According to WO2015/058227 A1, light beams that are superimposed to an overall light distribution are cropped by masks that vary from light beam to light beam (see there in FIGS. 3 and 3b), in order to produce an overall light distribution with a desired shape and brightness distribution (there in FIG. 3a). In fact, several unnecessary cut-off lines are hereby projected. As it can be seen there, the differently shaped partial light distributions are superimposed to one overall light distribution. Not every partial light distribution features the same cut-off line. For example, LV2 includes a so-called 15°-ascent, while LV1, LV3, LV4, LVS (there in FIG. 3b) feature a horizontal cut-off line.
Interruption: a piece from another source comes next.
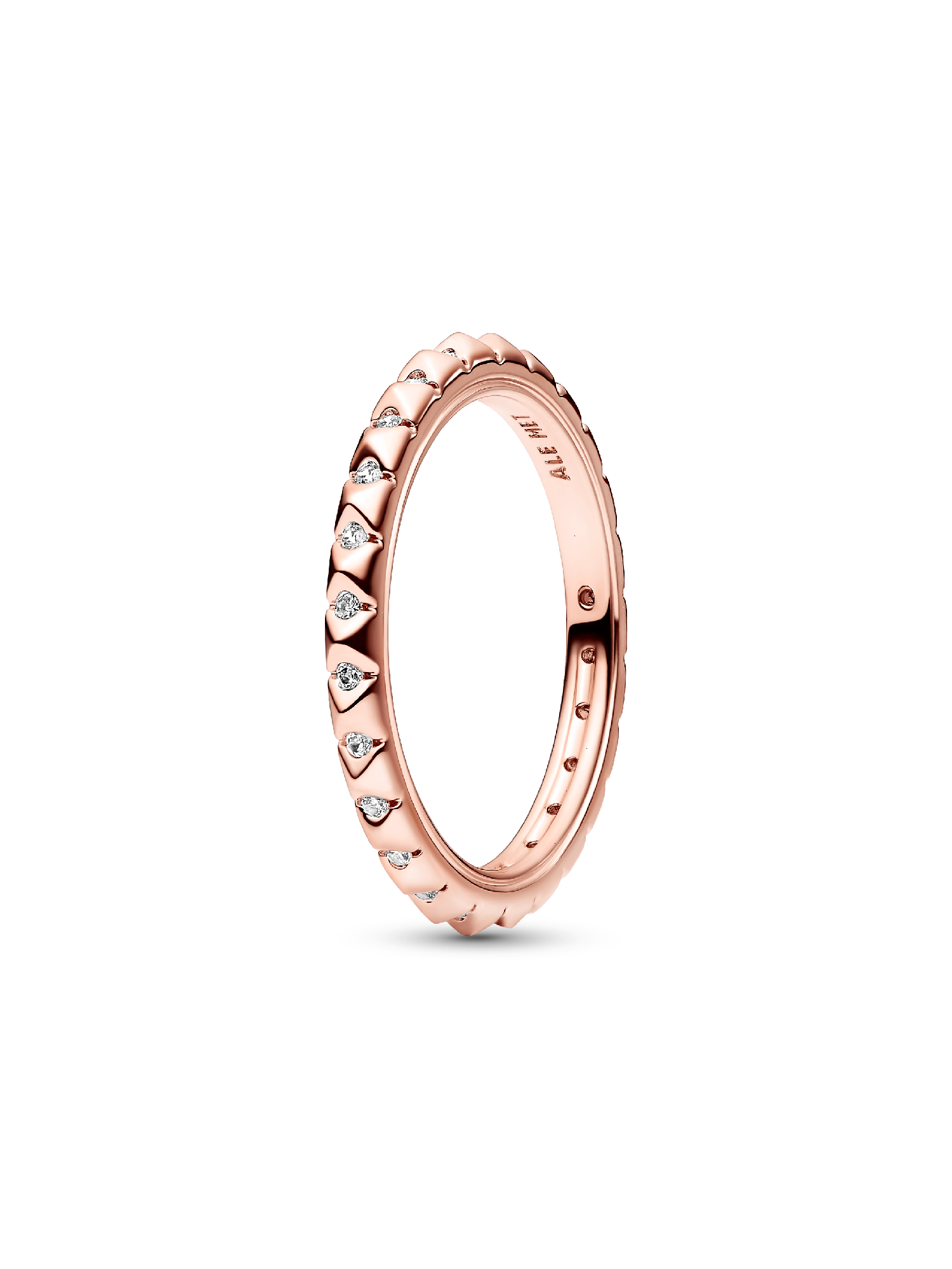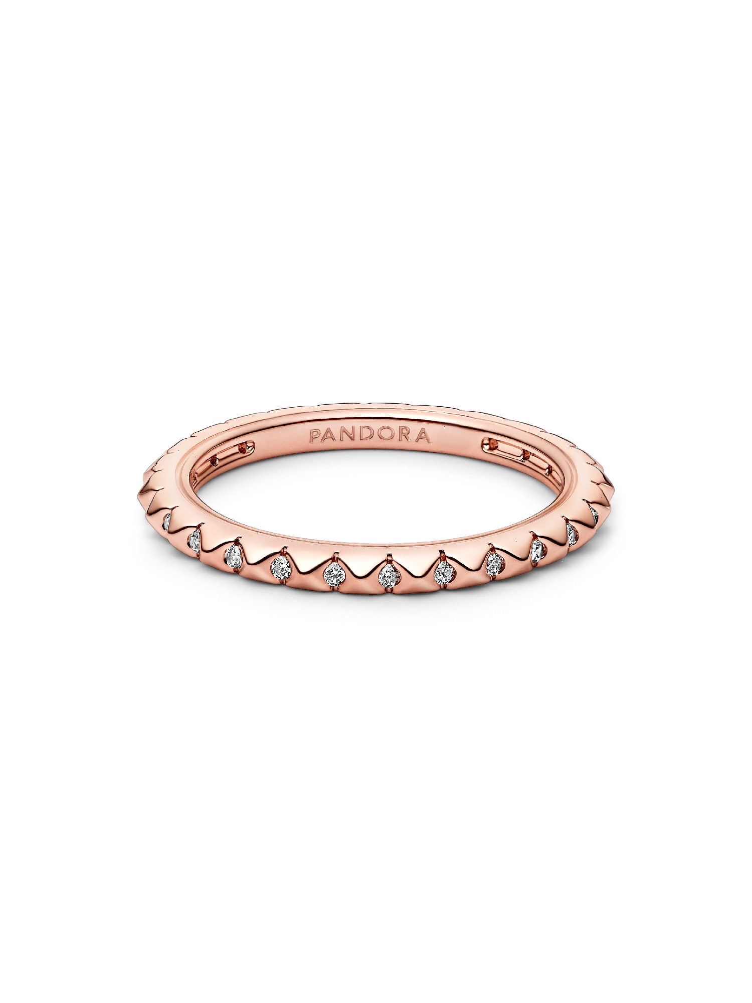 It's rosé all day with the Pandora ME Pyramids Ring. This 14k rose gold-plated ring is punctuated by pyramid studs with clear cubic zirconia stones set between them. A grooved line along the edges of the ring adds a subtle, sleek design detail. Edgy yet elegant, this effortlessly cool piece will become a go-to option that works with everything, inspiring you to customise a fresh look every day.

If it is assumed that each mask/aperture in FIG. 3 of the WO2015/058227A1 is illuminated with the same intensity, it is directly obvious that a lot of light is shielded off, which entails several disadvantages: In order to achieve a pre-determined brightness on the roadway, several light sources need to be used, which is expensive. Many light sources also produce comparatively much heat, which requires large and heavy cooling elements. Due to the superimposition of wide basic light distributions (see in particular LV1) with one low-beam spot (see LV2), it can also occur that the greatest brightness is achieved unnecessarily far below the horizon, which limits the range in a negative way.
The light distribution of a low-beam spot with a rule-consistent cut-off line extends in horizontal direction e.g. only until +/−20° H and in vertical direction e.g. only between +0.43° V and −4° V. In order to compile a complete low-beam light distribution, which can comprise portions until e.g. +/−40° horizontal and up to −10° vertical, an additional basic light distribution is necessary. Basic light modules illuminate in horizontal direction e.g. +/−40°. Basic light modules hereby often generate a straight horizontal cut-off line which may in some sections not go higher than −0.57° below the horizon on the left side in right-hand traffic. Due to its horizontal course, it also does not reach higher on the right side. When such a basic light distribution is integrated into a low-beam light distribution, in which high intensities are demanded above the horizon on the left side in horizontal direction upwards of −10° and on the right side in the horizontal direction upwards of about +1.5°, the cut-off line of the basic light distribution remains visible on the left and in particular on the right and distracts the overall appearance. Additionally, the low-beam range only reaches suboptimal values, since the required allowed intensity maximum (less than 43.750 cd) may possibly be found below the horizon, at the transition to the basic light distribution.
Based on the WO2015/058227 A1, which already fulfills the demand for a reduction of construction space, the inventors have set themselves the goal to provide a motor vehicle headlight, which—while not requiring more construction space —works more efficiently than the known headlight, produces a homogeneous, colorless low-beam light distribution which features an angle range of more than +/−40° in horizontal direction and an angle range of +0.57°/−10° in vertical direction for light intensities of at least 250 cd and whose light intensity increases towards the center, or towards the optical axis, in the case of the low-beam light towards the maximum allowed 43750 cd, without the appearance of sharp brightness differences within the light distribution. For a high-beam light (without an aperture), simpler requirements apply without a cut-off line and with a higher maximum. A homogeneous light distribution is thereby understood to be a light distribution in which, apart from the outer edges, no sharp brightness differences and no chromatic aberrations appear.